Hi, firstly thanks for the great job of spconv, when I train CenterPoint with spconv, I met the error below:
`
Traceback (most recent call last):
File "/work/fusion_3dod-dev-dino_deformable_transfusion/venv/lib/python3.8/site-packages/spconv/pytorch/conv.py", line 385, in _conv_forward
res = ops.get_indice_pairs_implicit_gemm(
File "/work/fusion_3dod-dev-dino_deformable_transfusion/venv/lib/python3.8/site-packages/spconv/pytorch/ops.py", line 550, in get_indice_pairs_implicit_gemm
SpconvOps.sort_1d_by_key_allocator(pair_mask_tv[j],
RuntimeError: merge_sort: failed on 2nd step: cudaErrorIllegalAddress: an illegal memory access was encountered

During handling of the above exception, another exception occurred:

Traceback (most recent call last):
File "./tools/train.py", line 274, in
main()
File "./tools/train.py", line 263, in main
train_model(
File "/work/mmdetection3d/mmdet3d/apis/train.py", line 346, in train_model
train_detector(
File "/work/mmdetection3d/mmdet3d/apis/train.py", line 321, in train_detector
runner.run(data_loaders, cfg.workflow)
File "/work/fusion_3dod-dev-dino_deformable_transfusion/venv/lib/python3.8/site-packages/mmcv/runner/iter_based_runner.py", line 144, in run
iter_runner(iter_loaders[i], **kwargs)
File "/work/fusion_3dod-dev-dino_deformable_transfusion/venv/lib/python3.8/site-packages/mmcv/runner/iter_based_runner.py", line 64, in train
outputs = self.model.train_step(data_batch, self.optimizer, **kwargs)
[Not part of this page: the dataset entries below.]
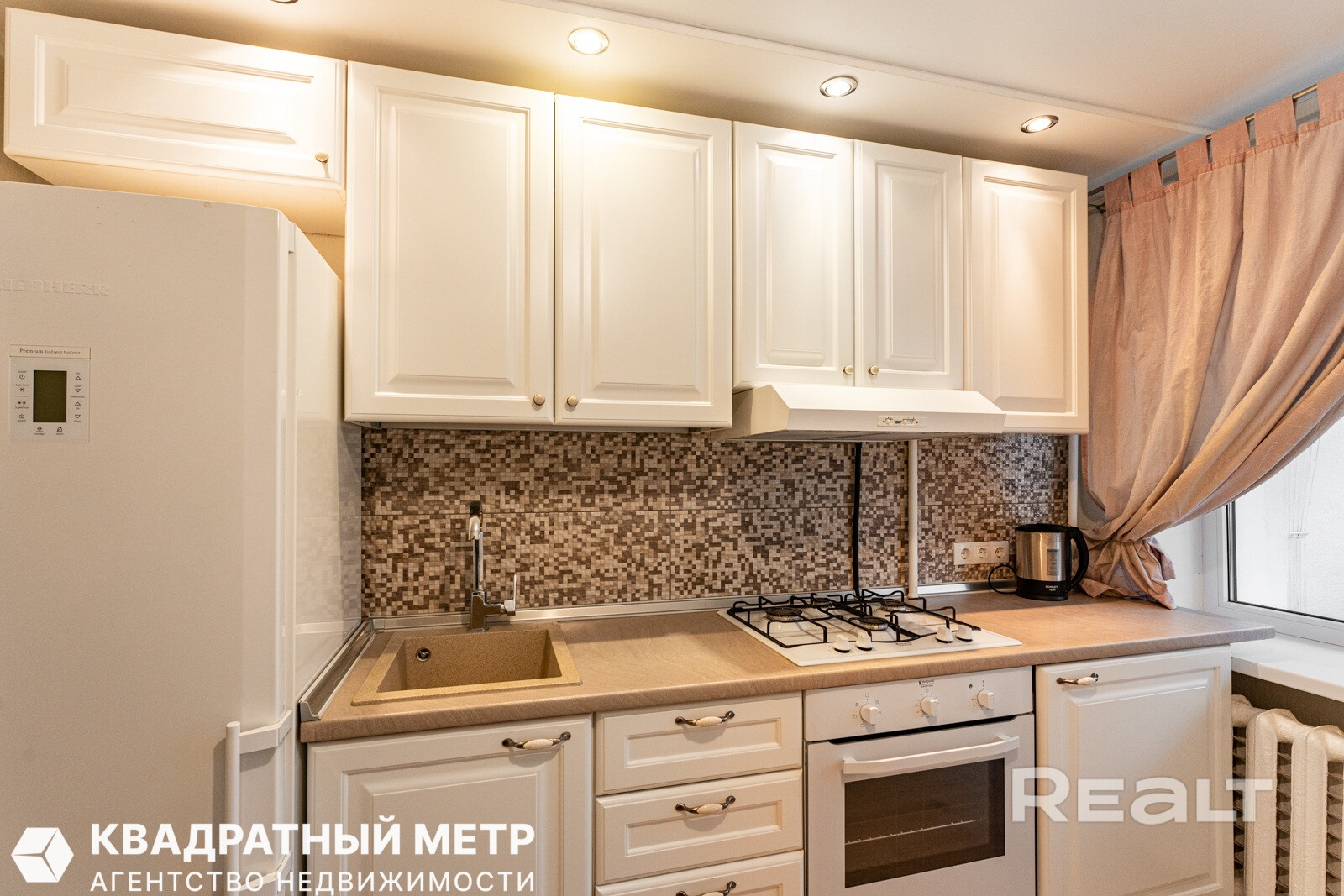 2. Кухонный гарнитур со всей необходимой техникой в отличном состоянии: холодильник Liebherr, газовая плита и духовой шкаф Hotpoint Ariston
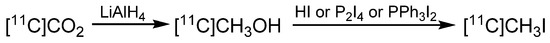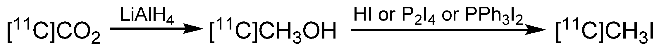 Two main methods for the production of [11C]methyl iodide as the most important and most widely used secondary [11C]building block are stated in the literature. One approach, referred to as "wet" chemistry method, deals with the reduction of [11C]CO2 to [11C]methanol utilizing LiAlH4 in THF or diethyl ether. The resulting [11C]methanol is then converted into [11C]methyl iodide by the use of hydroiodic acid, diphosphorus tetraiodide [9] or triphenylphosphane diiodide [10], respectively (Scheme 2). Afterwards, the resulting [11C]methyl iodide is dried and separated from by-products.
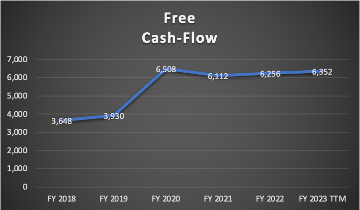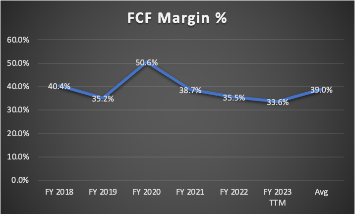 In terms of free cash flow, Adobe has consistently generated over $6B since 2020, translating to an impressive margin of 39% when compared to revenue.
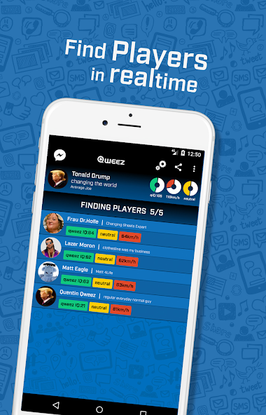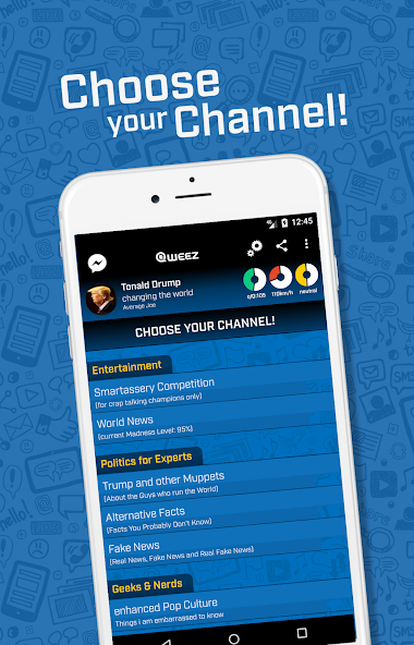 5 persons fight for the most creative, silly, intelligent answer of a question, short description or other statement. The winner will increase his qIQ (qweez IQ), Karma and Speed Stats. Only the Winner of each round can share his output on Facebook. Give your statements to actual news or stuff from the movie, music or gaming industry. All categorized in channels you can choose from.
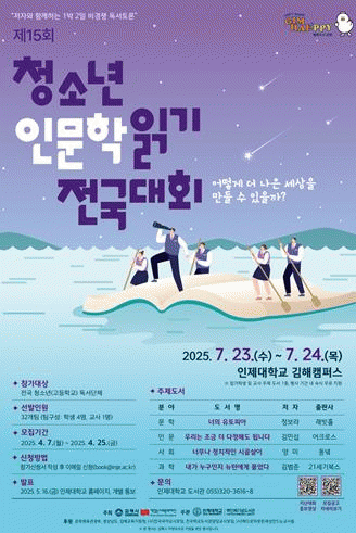 [NWS¹æ¼Û=Çѽ¸ñ ±âÀÚ]±èÇØ½Ã´Â 7ÀϺÎÅÍ 25ÀϱîÁö Á¦15ȸ û¼Ò³â Àι®ÇÐÀбâ Àü±¹´ëȸ Âü°¡ÆÀÀ» ¸ðÁýÇÑ´Ù°í ¹àÇû´Ù. ±èÇØ½Ã¿Í Ã¥Àд»çȸ¹®È­Àç´ÜÀÌ ÁÖÃÖÇϰí ÀÎÁ¦´ëÇб³°¡ ÁÖ°üÇϴ û¼Ò³â Àι®ÇÐÀбâ Àü±¹´ëȸ´Â 7¿ù 23ÀϺÎÅÍ 24ÀÏ¡¦
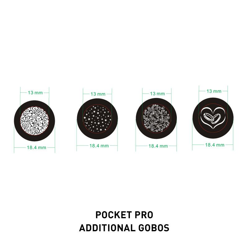 The Pocket Pro also includes a locking powerCon for power, so you never need to worry about vibration or not having a secure AC connection. This fixture features seven colors plus white and 7 replaceable GOBOs (plus 4 additional GOBOs included in the box). The GOBOs and colors are on separate wheels. These features are not found in moving heads of this class.
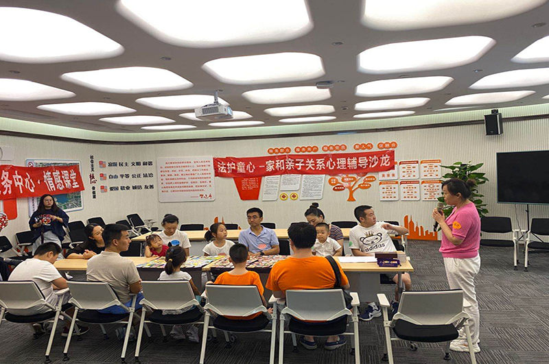 在此基礎上,“家和”幸福驛站項目再接再厲,2020年與圓融商業(yè)街區黨委合作成立“家和”心理輔導站,并開(kāi)展多個(gè)延伸活動(dòng),而本次親子活動(dòng)也是延伸活動(dòng)中的一項,目的是維系離婚后或者冷靜期內的夫妻親子關(guān)系,通過(guò)心理學(xué)的主題活動(dòng)幫助當事人與子女更多相互理解,相互體諒。未來(lái)新建元圓融商業(yè)街區黨委將在情感和精神層面為商圈黨員群眾及其子女提供更深層次的服務(wù),不斷提升商圈黨群服務(wù)價(jià)值,傳遞有溫暖、有情懷的組織關(guān)愛(ài),進(jìn)一步推動(dòng)黨建工作更有成效的開(kāi)展和提升。2020年8月15日上午,由蘇州工業(yè)園區人民法院、新建元圓融商業(yè)街區黨委、葉子家庭情感服務(wù)中心聯(lián)合組織的“法護童心”家和親子關(guān)系心理輔導沙龍在圓融商業(yè)街區黨群服務(wù)中心成功舉行,五組家庭受邀參與活動(dòng)。
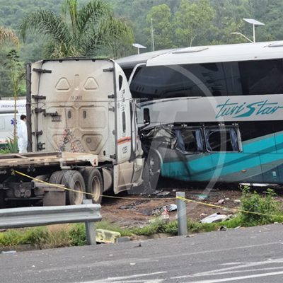 Redacción / La Voz de Michoacán Morelia, Michoacán. La mañana de este martes se registró un fuerte choque en la autopista Pátzcuaro-Copándaro, en el que hubo personas fallecidas. Los vehículos involucrados son un tráiler y un autobús. De acuerdo con los primeros reportes, el trágico accidente ocurrió sobre el kilómetro 57+050, antes de las 7 de la mañana, en el llamado Libramiento Morelia, donde ambas unidades protagonizaron el percance, cerca del parador turístico y de la estación de servicio de combustible. Al lugar acudieron paramédicos, quienes confirmaron el deceso de dos personas y se valora el estado de salud de al menos 11 lesionados. En la zona del accidente ya se encuentra personal de la Fiscalía General del Estado de Michoacán, realizando las primera diligencia pertinentes, para luego llevar los cadáveres Servicio Médico Forense. Respecto a la circulación vial, la Secretaría de Infraestructura, Comunicaciones y Transportes (SICT), delegación Michoacán, notifica que hay paso alterno.
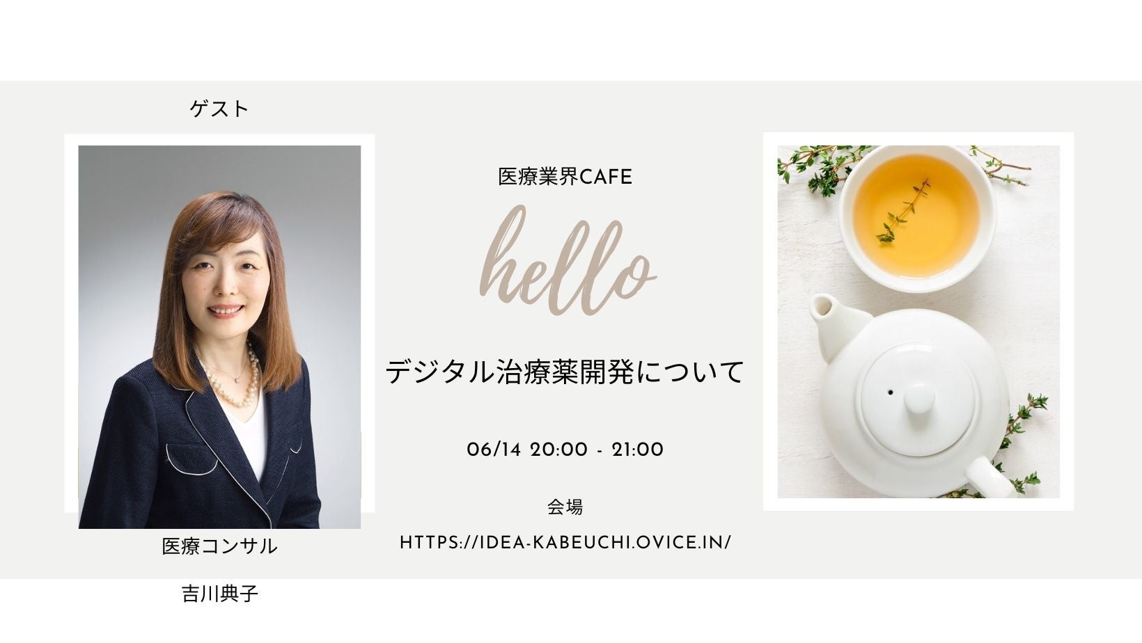 今回はゲストは NPO医工連携推進機構 医工連携コーディネータ協議会会員ご活躍中の 医療コンサルの 吉川典子さん をお呼びしております。デジタル治療薬開発についてお話を伺いたいと思っています。

File "/work/fusion_3dod-dev-dino_deformable_transfusion/venv/lib/python3.8/site-packages/mmcv/parallel/distributed.py", line 63, in train_step
output = self.module.train_step(*inputs[0], **kwargs[0])
File "/work/fusion_3dod-dev-dino_deformable_transfusion/venv/lib/python3.8/site-packages/mmdet/models/detectors/base.py", line 248, in train_step
losses = self(**data)
File "/work/fusion_3dod-dev-dino_deformable_transfusion/venv/lib/python3.8/site-packages/torch/nn/modules/module.py", line 1130, in _call_impl
return forward_call(*input, **kwargs)
File "/work/fusion_3dod-dev-dino_deformable_transfusion/venv/lib/python3.8/site-packages/mmcv/runner/fp16_utils.py", line 116, in new_func
return old_func(*args, **kwargs)
File "/work/mmdetection3d/mmdet3d/models/detectors/base.py", line 60, in forward
return self.forward_train(**kwargs)
File "/work/mmdetection3d/mmdet3d/models/detectors/mvx_two_stage.py", line 273, in forward_train
img_feats, pts_feats = self.extract_feat(
File "/work/mmdetection3d/mmdet3d/models/detectors/mvx_two_stage.py", line 208, in extract_feat
pts_feats = self.extract_pts_feat(points, img_feats, img_metas)
File "/work/mmdetection3d/mmdet3d/models/detectors/centerpoint.py", line 50, in extract_pts_feat
x = self.pts_middle_encoder(voxel_features, coors, batch_size)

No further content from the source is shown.